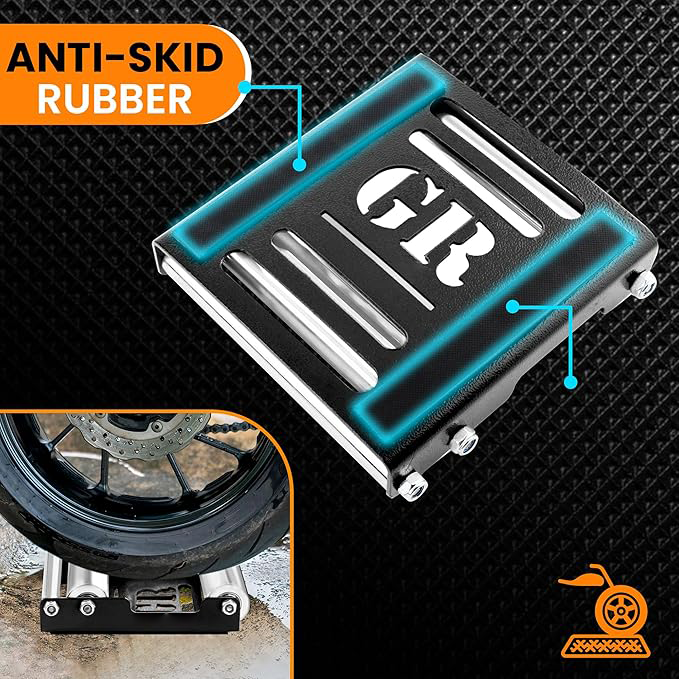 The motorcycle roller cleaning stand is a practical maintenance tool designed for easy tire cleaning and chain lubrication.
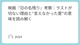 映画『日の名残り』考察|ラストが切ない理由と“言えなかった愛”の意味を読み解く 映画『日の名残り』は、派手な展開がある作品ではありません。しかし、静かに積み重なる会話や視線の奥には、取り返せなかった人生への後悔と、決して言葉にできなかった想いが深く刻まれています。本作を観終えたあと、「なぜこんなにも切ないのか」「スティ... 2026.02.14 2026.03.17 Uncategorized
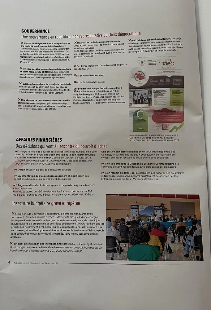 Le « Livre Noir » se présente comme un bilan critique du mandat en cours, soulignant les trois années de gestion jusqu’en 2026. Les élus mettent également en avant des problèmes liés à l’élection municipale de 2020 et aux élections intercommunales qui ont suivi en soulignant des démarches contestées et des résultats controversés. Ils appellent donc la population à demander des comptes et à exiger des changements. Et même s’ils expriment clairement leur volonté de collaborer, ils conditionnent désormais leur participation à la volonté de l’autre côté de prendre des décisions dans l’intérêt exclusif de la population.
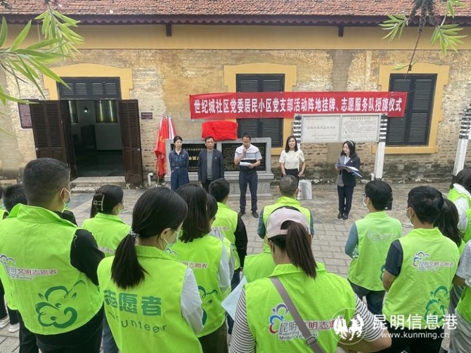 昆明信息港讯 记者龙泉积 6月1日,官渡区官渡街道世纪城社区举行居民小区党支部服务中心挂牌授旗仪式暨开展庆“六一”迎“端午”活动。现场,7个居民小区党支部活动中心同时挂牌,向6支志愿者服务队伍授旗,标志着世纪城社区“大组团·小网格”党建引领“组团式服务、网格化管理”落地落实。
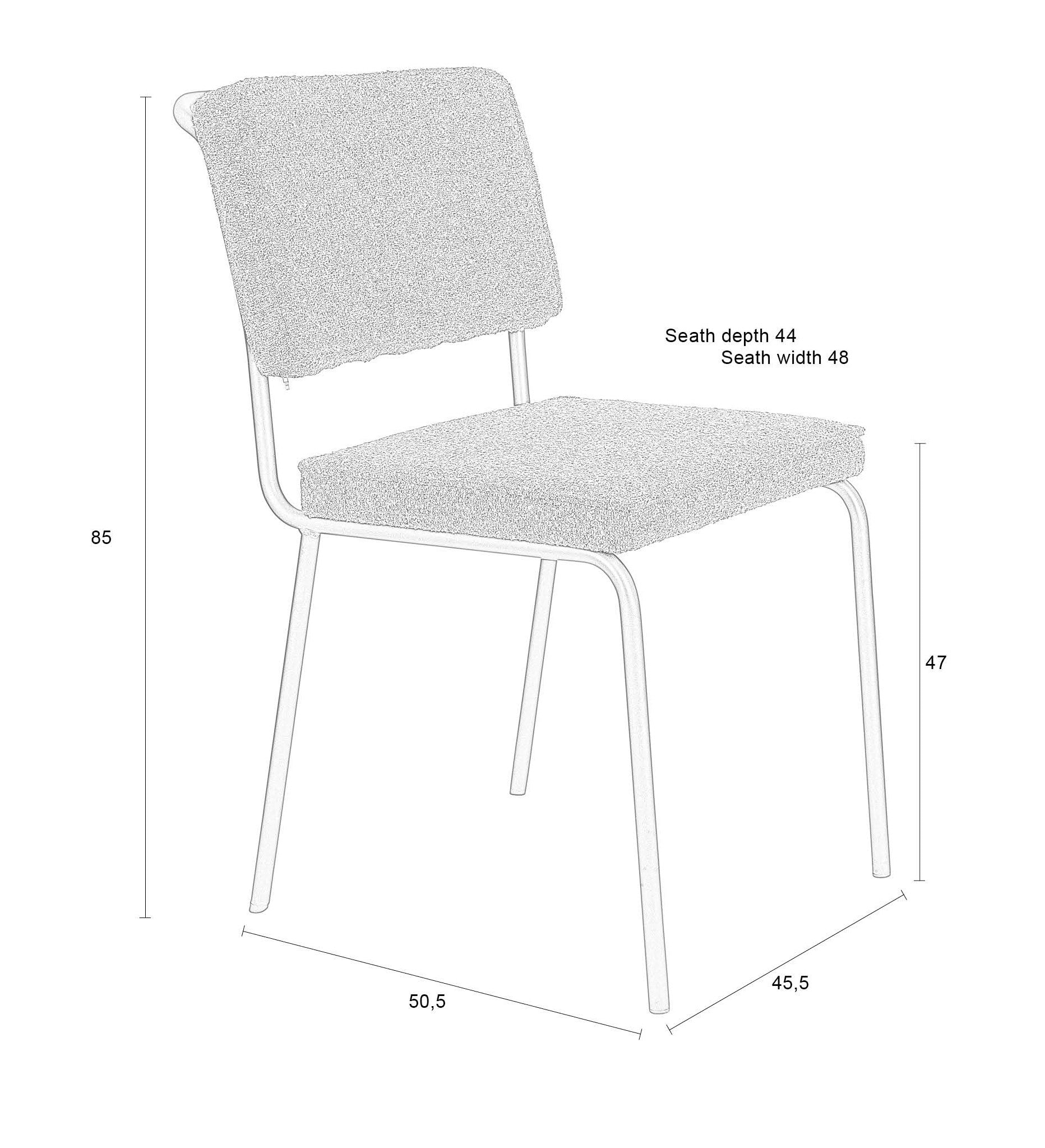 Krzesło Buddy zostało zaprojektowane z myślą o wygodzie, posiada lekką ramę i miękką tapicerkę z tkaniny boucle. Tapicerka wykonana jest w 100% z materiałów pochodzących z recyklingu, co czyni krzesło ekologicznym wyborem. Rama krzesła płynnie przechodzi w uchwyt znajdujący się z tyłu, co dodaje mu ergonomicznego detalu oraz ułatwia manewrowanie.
______________________________
**HOW TO COMPLETE THIS TASK**
Your task is to repeat the data above exactly while excluding the pictures.

**ANSWER BOX**
 The motorcycle roller cleaning stand is a practical maintenance tool designed for easy tire cleaning and chain lubrication.
 映画『日の名残り』考察|ラストが切ない理由と“言えなかった愛”の意味を読み解く 映画『日の名残り』は、派手な展開がある作品ではありません。しかし、静かに積み重なる会話や視線の奥には、取り返せなかった人生への後悔と、決して言葉にできなかった想いが深く刻まれています。本作を観終えたあと、「なぜこんなにも切ないのか」「スティ... 2026.02.14 2026.03.17 Uncategorized
 Le « Livre Noir » se présente comme un bilan critique du mandat en cours, soulignant les trois années de gestion jusqu’en 2026. Les élus mettent également en avant des problèmes liés à l’élection municipale de 2020 et aux élections intercommunales qui ont suivi en soulignant des démarches contestées et des résultats controversés. Ils appellent donc la population à demander des comptes et à exiger des changements. Et même s’ils expriment clairement leur volonté de collaborer, ils conditionnent désormais leur participation à la volonté de l’autre côté de prendre des décisions dans l’intérêt exclusif de la population.
 昆明信息港讯 记者龙泉积 6月1日,官渡区官渡街道世纪城社区举行居民小区党支部服务中心挂牌授旗仪式暨开展庆“六一”迎“端午”活动。现场,7个居民小区党支部活动中心同时挂牌,向6支志愿者服务队伍授旗,标志着世纪城社区“大组团·小网格”党建引领“组团式服务、网格化管理”落地落实。
 Krzesło Buddy zostało zaprojektowane z myślą o wygodzie, posiada lekką ramę i miękką tapicerkę z tkaniny boucle. Tapicerka wykonana jest w 100% z materiałów pochodzących z recyklingu, co czyni krzesło ekologicznym wyborem. Rama krzesła płynnie przechodzi w uchwyt znajdujący się z tyłu, co dodaje mu ergonomicznego detalu oraz ułatwia manewrowanie.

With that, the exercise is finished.